School of Political Traditionalists
A school of Hindu conservatism drawing on Burke, Scruton, and Indian classical statecraft to argue for civilizational continuity over ideological reinvention - increasingly influential in post-Nehruvian policy but insufficiently read outside political circles.
Ever since the polity in India’s has veered away from Nehruvian secularism a school of thought has become extremely influential in dictating India’s future and policy. They are broadly called as conservatives or rightists but they are more diverse than these two words suggest. They take inspiration from the Burkian school of conservative thought in the West, currently exemplified by Sir Roger Scruton. But they also build upon the political theories which are instructed in India’s epics and other scriptures.
This group has many shades starting from Raja Ram Mohun Roy who was focused on reforming Hinduism and Indian society by incorporating many elements directly from the political and religious ideology of the British colonialists. On the other hand there are great Hindu nationalists like Bankim Chandra Chatterjee, Bal Gangadhar Tilak and Lala Lajpat Rai who advocated a Hindu revival as the only possible course of a future India. In economics Dada Bhai Naoroji and Romesh Chander Dutt etc. were the representative of this school of thought.
This school of thought had a great Indic thrust during the independence movement of India. But gradually it was overshadowed by first the Gandhians and then the Nehruvian secularists to the point where it was reduced to its economic core. The Hindu nationalists were outshined by their economic counterparts and it became an economic school of thought which became suddenly important in the 90s when India liberalized its market and social sector.

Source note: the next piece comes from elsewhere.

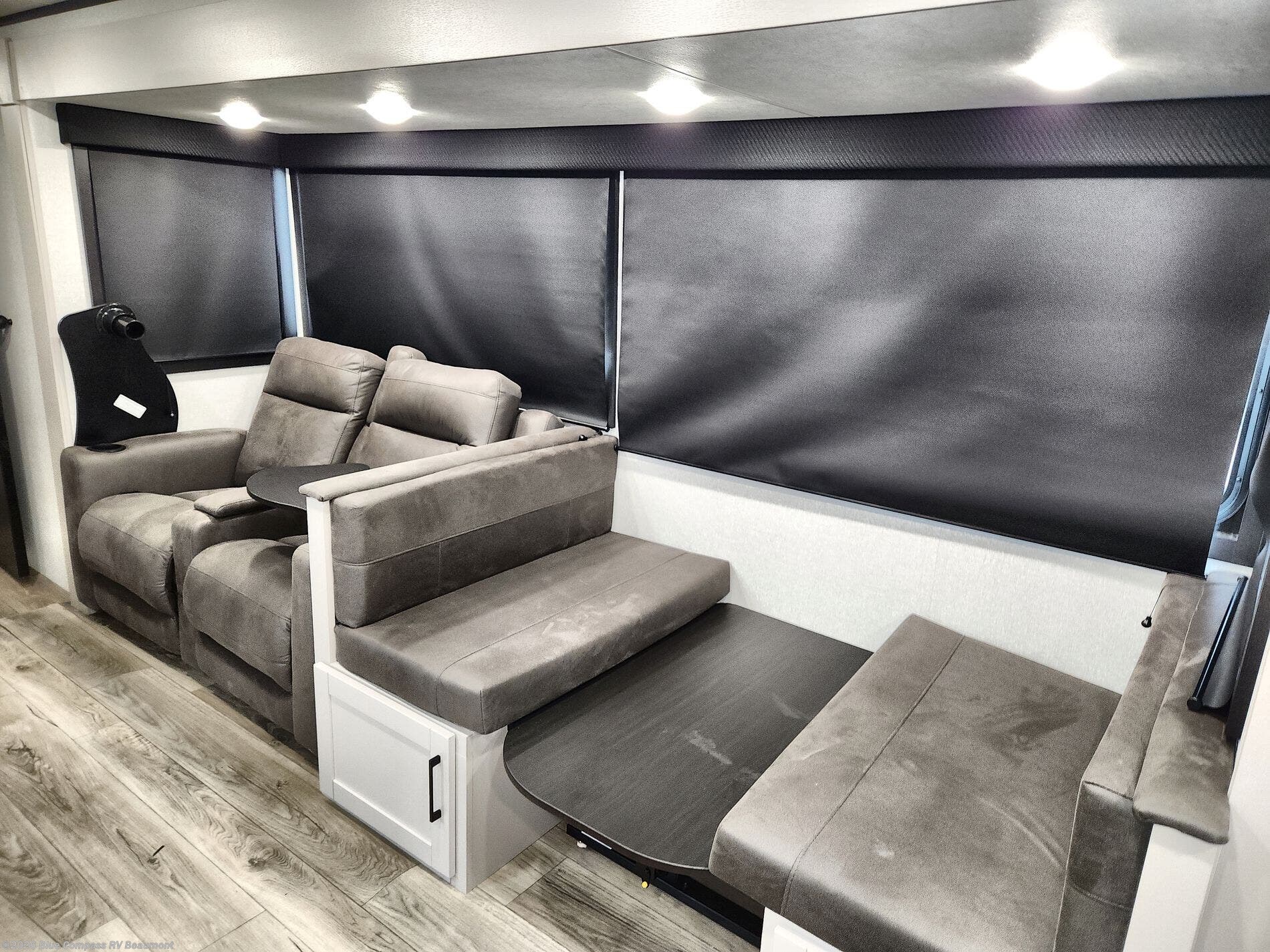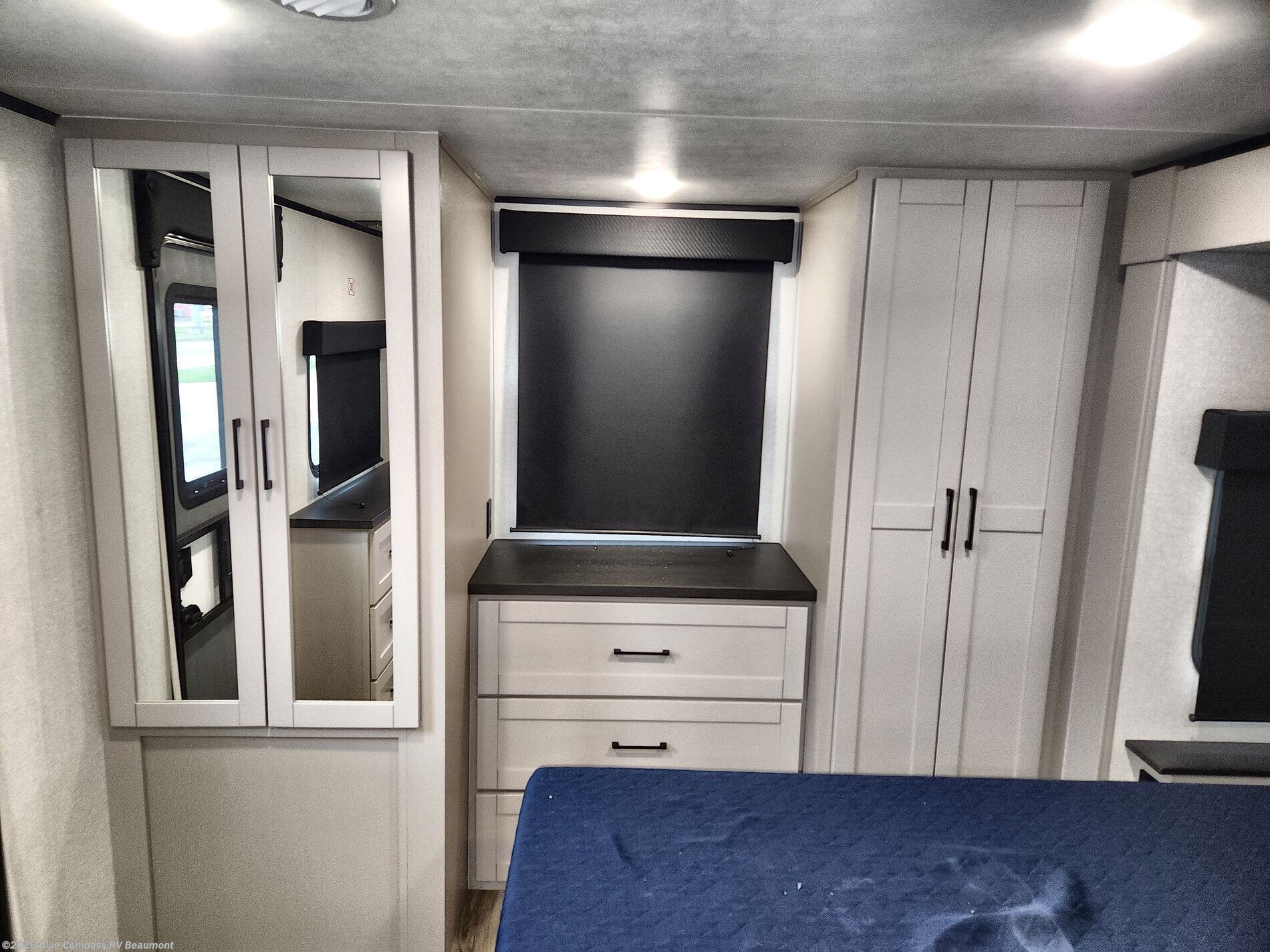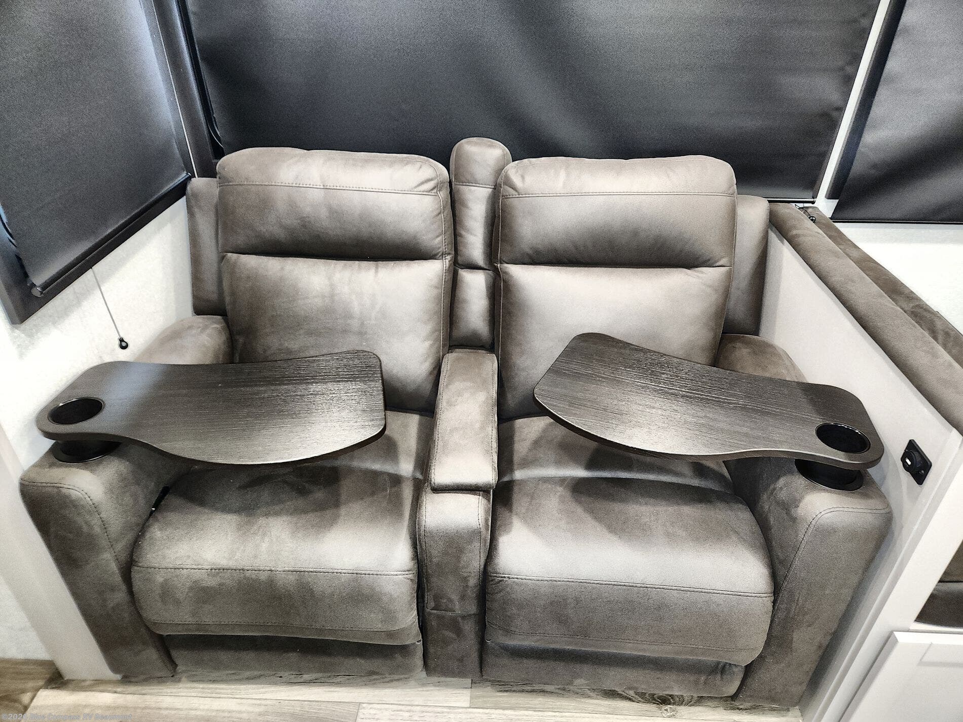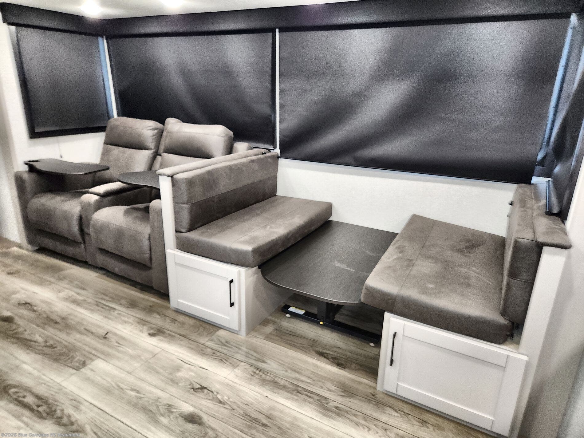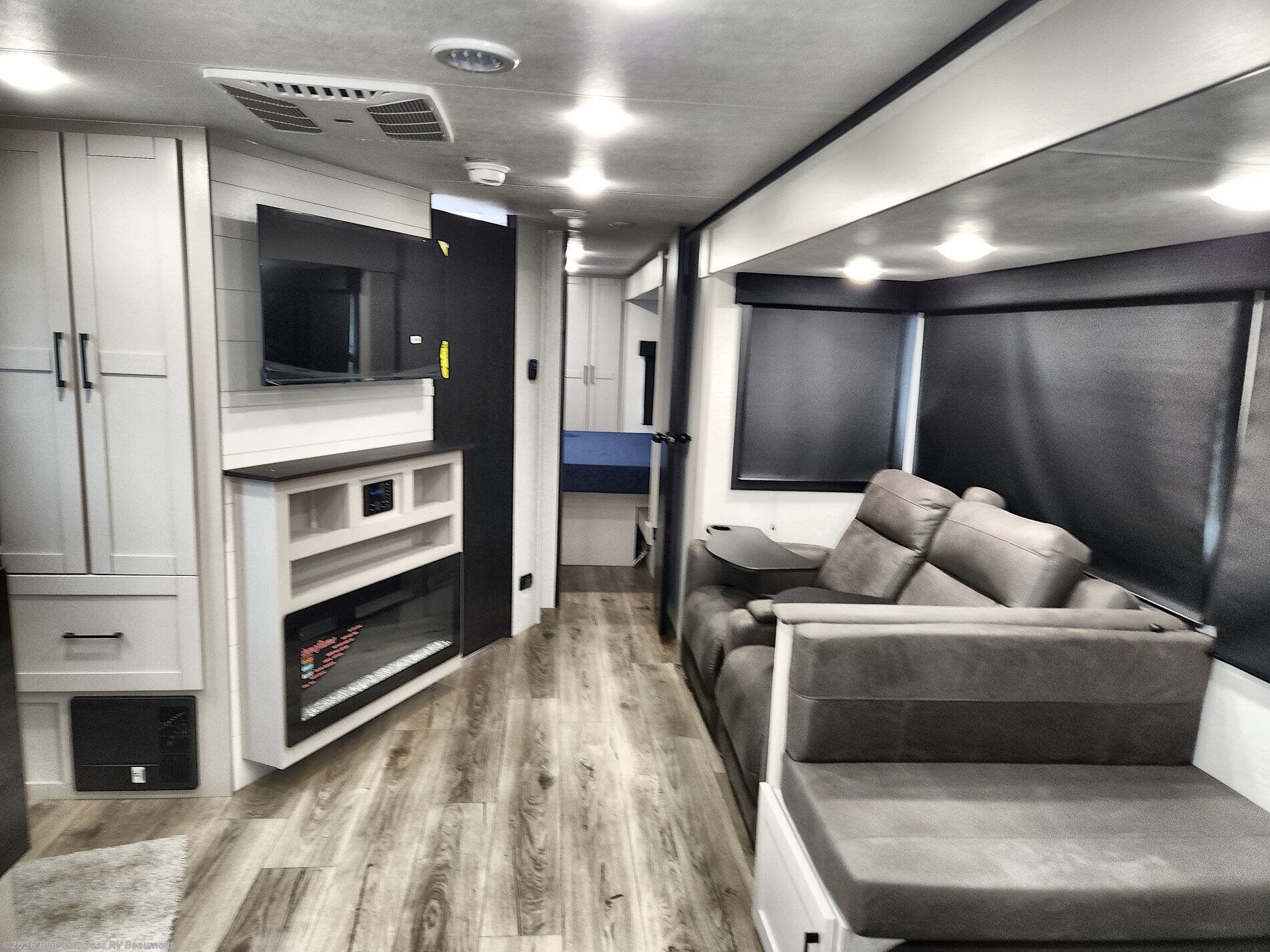 This front kitchen travel trailer will be perfect for camping trips to the lake or woods! The chef will appreciate ample counter space to prep meals plus an 11 cu. ft. 12V refrigerator to store leftovers, the front kitchen also has overhead cabinets and a pantry for storing your snacks and dry goods without worrying about space. Your crew can dine at the booth dinette, then play a game after dinner is cleaned up, this also works as a sleeping space if needed. There is also a theater seat across from the entertainment center with an LED Smart TV to make it a movie night. The bathroom has two entry doors for comfort and easy access along with a radial shower and medicine cabinet. A rear private bedroom is sure to make you feel right at home with a 60" x 80" queen bed, dual wardrobes, and a dresser to keep your things organized. You'll also find one of the dual entry doors here for convenience!

In 21st century with the change of India’s political climate, many great historians, thinkers and leaders on the nationalist side started banding together under this school. It was also a result of the grouping by their political opponents.
The contemporary proponents and followers of this school of thought have good Shatrubodh and have a clear sense of ‘us’ and ‘them’. But their focus is too much on ‘them’ and they lack somewhere in Swayambodha. The overarching idea of this school is the unity of the Hindu society as against its cultural rivals and opponents. Apart from that it advocates adoption of most of the Enlightenment paradigms that come as part and parcel of global democracy.
It also tends to think that political power alone is critical in changing the tide and does not focus much on changing society or culture. They believe that it is completely possible for India’s culture to co-exist with institutions of globalized West and that there is no inherent dichotomy in the two. When such a dichotomy and clash is found they advocate changing society and culture in favour of the modern institutions instead of the other way around.
More than taking inspiration, Bodha seeks to critique the economic thinkers of this school of thought since some of the economic policies of this school of thought are now the establishment paradigm but they are also at loggerheads with ecology and India’s ancient tradition. Though rejecting the secularism of Nehruvian secularists and its political culture, this school of thought has no significant difference in its economic policies from its political opponents which are usually banded together as left-liberals or centrists.
Bodha seeks to critique it. We also seek to illustrate how many of India’s original political traditionalists used conservatism as a prop for their goals and how their thought systems are more nature-conducive than we think.